Tyler's voice followed, soft but electric.
"This… is one of the greatest Champions League finals ever played."
The stadium lights shimmered against the sweat on their faces, and even now, minutes from the whistle, it felt as if the air itself had turned electric.
Barcelona huddled quickly near the centre circle, no time wasted, no glances spared.
As soon as the referee's whistle went, Yamal nudged the ball to Pedri, and Pedri, with a snap of his boot, launched it straight into Arsenal's half.
"Barcelona wasting no time," Tyler murmured. "They're trying to shake Arsenal before the adrenaline of the goal gets to them."
And it worked, for a moment.
White shirts scrambled backwards, tracking runs, shouting over the din.
But then, Izan barked for the ball, voice cutting through the chaos, hand stretched out.
Rice spotted him, who in turn found Saka down the right, and Arsenal began to build again, slow, patient, searching.

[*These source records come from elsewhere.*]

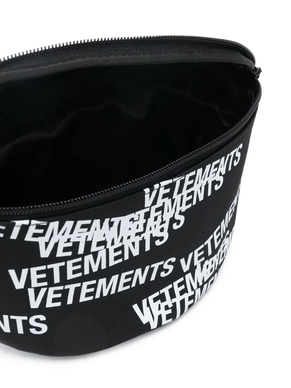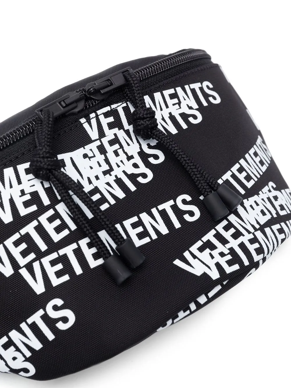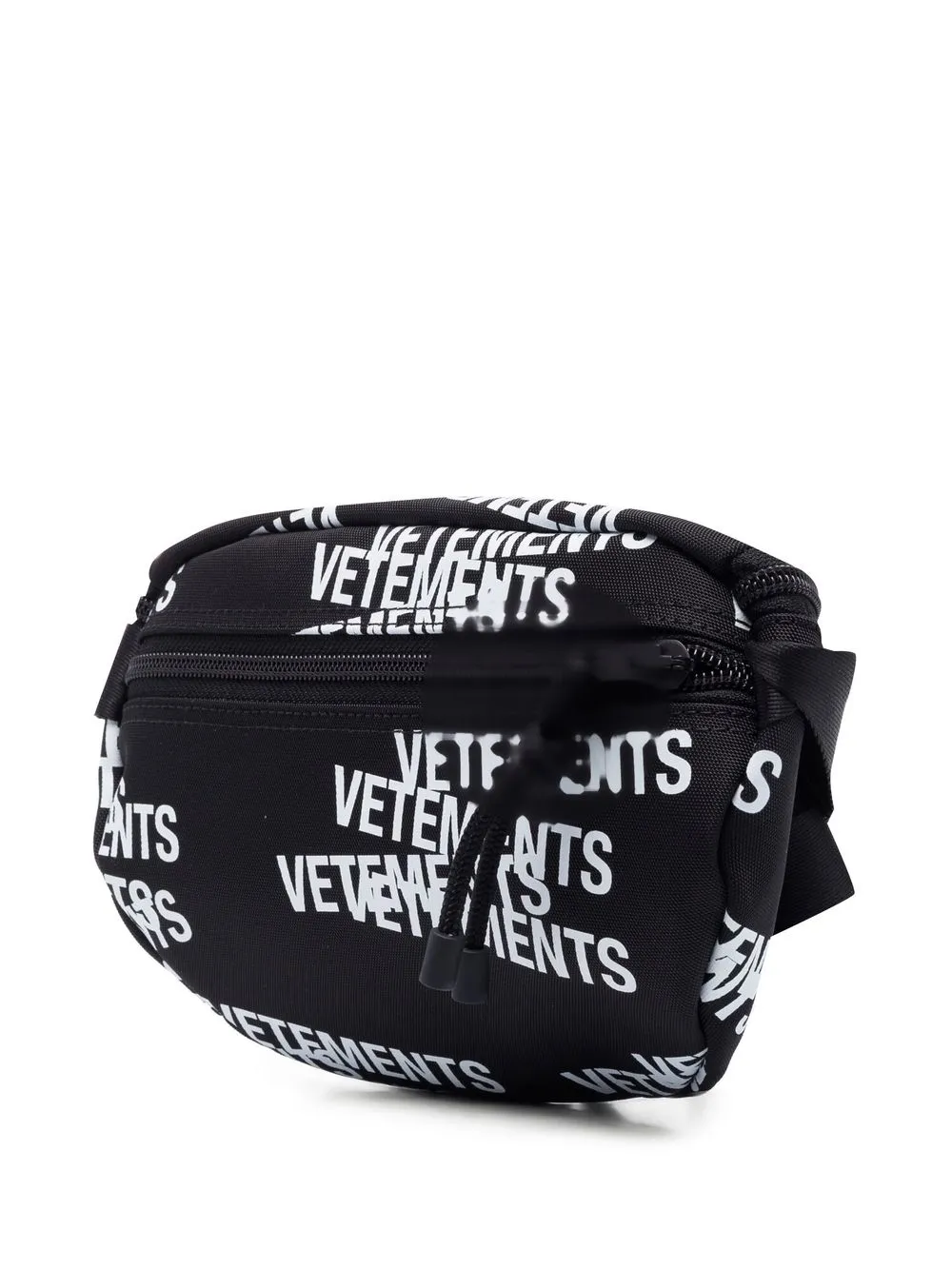 Negro y blanco, estampado del logo en toda la pieza, cierre con cremallera en la parte delantera, correa de cintura ajustable y compartimento principal.
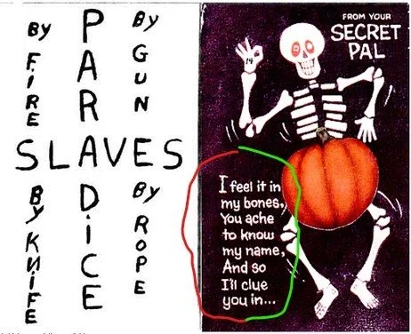 Along with the Strikethrough Skeleton = Sullivan solution (the Strikethrough Skeleton and the described similarities between “skeleton” and “Sullivan”), that makes three clues to the Zodiac Killer’s identity thereon the Halloween Card. The other two clues have thematic support in other Zodiac Killer-related documents (because the Theme of/Me - 37 = RS solution is partly based on Me - 37 from The Exorcist Letter, while the 9 Eyes on Wood = the 9th Letter of Ross Sullivan solution includes Eye Imagery Added to Wood like the O/Eye Image from the Desktop Poem).
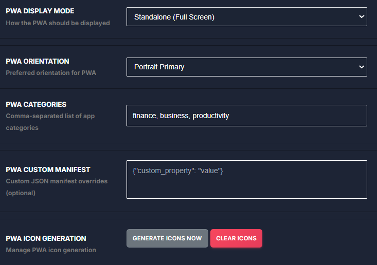 3. Press on the "General Settings" tab, find "PWA Settings" and enable it.

"As it stands now," Peter Drury said, his voice steady but tense, "we are headed for extra time. Arsenal have clawed back from the brink, but this is far from over."
Saka, dancing on the touchline, tried to take Balde one-on-one.
The crowd swelled with every step he took, every feint, every twitch of his boot, until Balde timed it perfectly.
A sliding challenge, clean and ruthless, swept the ball away from the Englishman's boots.
"Brilliant from Balde!" Tyler snapped. "Didn't buy a single trick."
Balde was up before Saka could blink, slipping the ball inside to Raphinha as Barcelona looked to spring one final spark.
The Brazilian cutting inside with his familiar swagger, chin up, eyes darting forward, but Izan was there, in a flank he wasn't supposed to be.
He slid in, catching the ball with perfect precision, a whisper of contact sending it spinning toward the touchline.
"Miura again!" Drury breathed. "Where is he getting the Stamina!"
The ball trickled out for a throw as Izan rose, panting, his gaze already fixed back toward his own half, ready to reset the line, the shape, the calm.
But before he could even turn fully, Raphinha moved fast.
He snatched up the ball for the quick throw, launching it long, over the top, into the Arsenal box.
"They've gone early!" Tyler gasped.
Izan spun around sharply, his eyes darting to the flight of the ball as it sailed over the defenders' heads, dropping like a stone near the byline where a flash of blue darted to meet it.